Saunders, however, said higher prices may actually cause Americans to focus on the home again.

“People can say, ‘Well, it’s a little expensive, so we’re going to spend a little more time at home rather than on vacation, so we’ll prioritize the garden and the outdoors'” , did he declare. “All of those things are areas that they have to look at and they have to be very tactical in saying, ‘Where are the growth points? And pivot to those. “”

Tritton acknowledged in an interview with CNBC that the context is more difficult, especially since households no longer receive additional money from the government, such as child tax credits.
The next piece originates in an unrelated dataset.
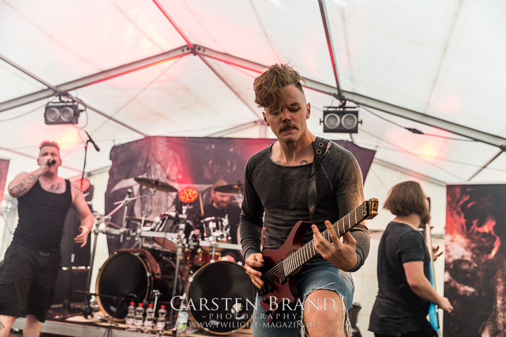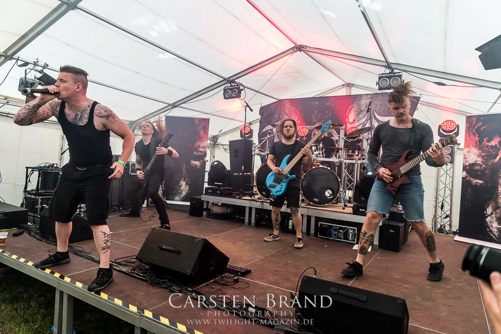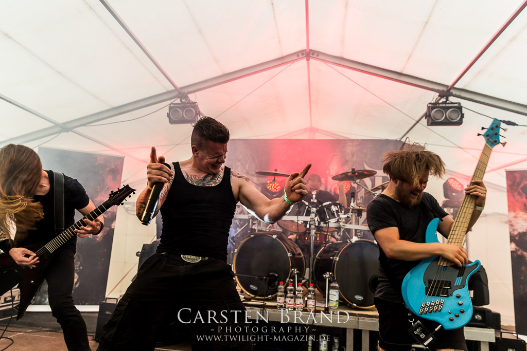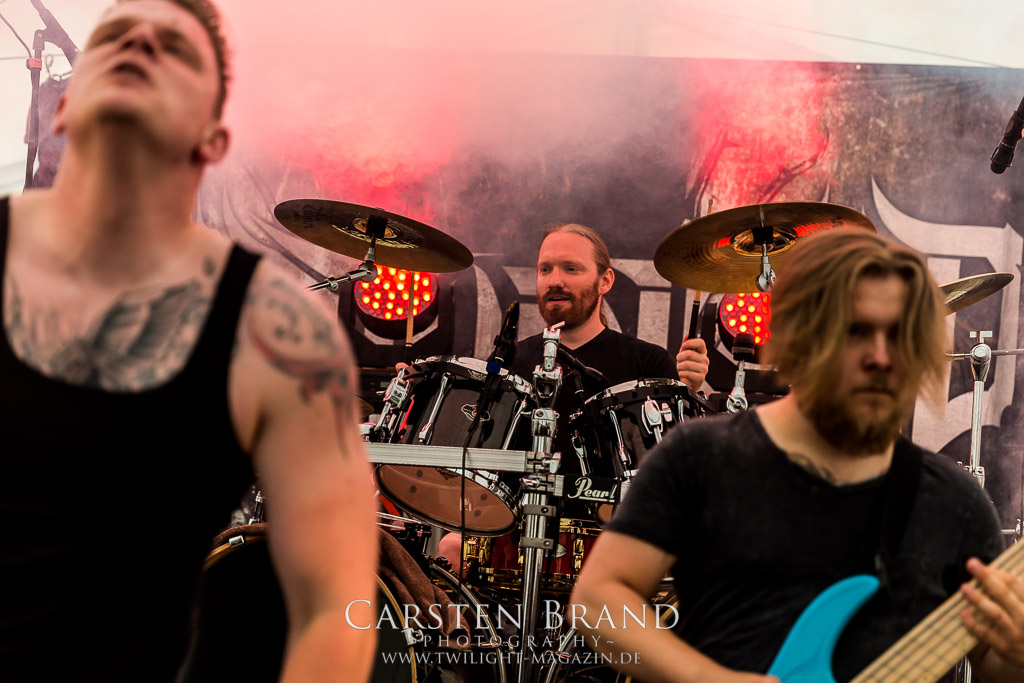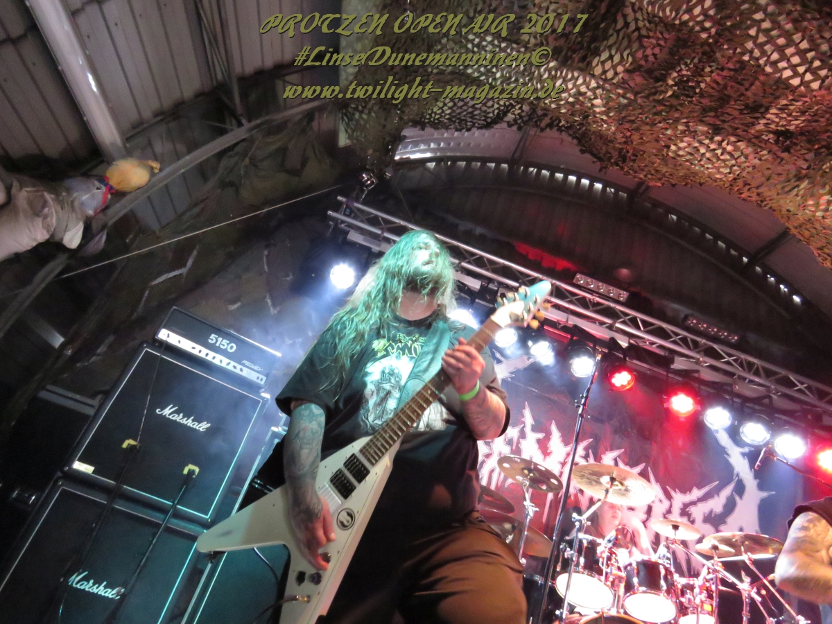 HARMONY DIES gehören irgendwie schon all die Jahre zum Protzen-Inventar und die Berliner Death Metaller um Bühnentechniker Kai und DJ Keksgrinder sind auch in diesem Jahr wieder eine absolute Bank. Staight, zielsicher und ohne jeglichen Firlefanz direkt in die Kauleiste. Mehr braucht es nicht zum Glück.

Still, he said he was optimistic about the long-term prospects.

“We believe there is a strong and persistent domestic market that has seen erratic ups and downs and when it normalizes we believe there is good business to be had,” he said. “We are part of customers’ lives, their wants and needs and making sure we are in stock and meeting that need is our primary focus.”

Read the company’s earnings press release here.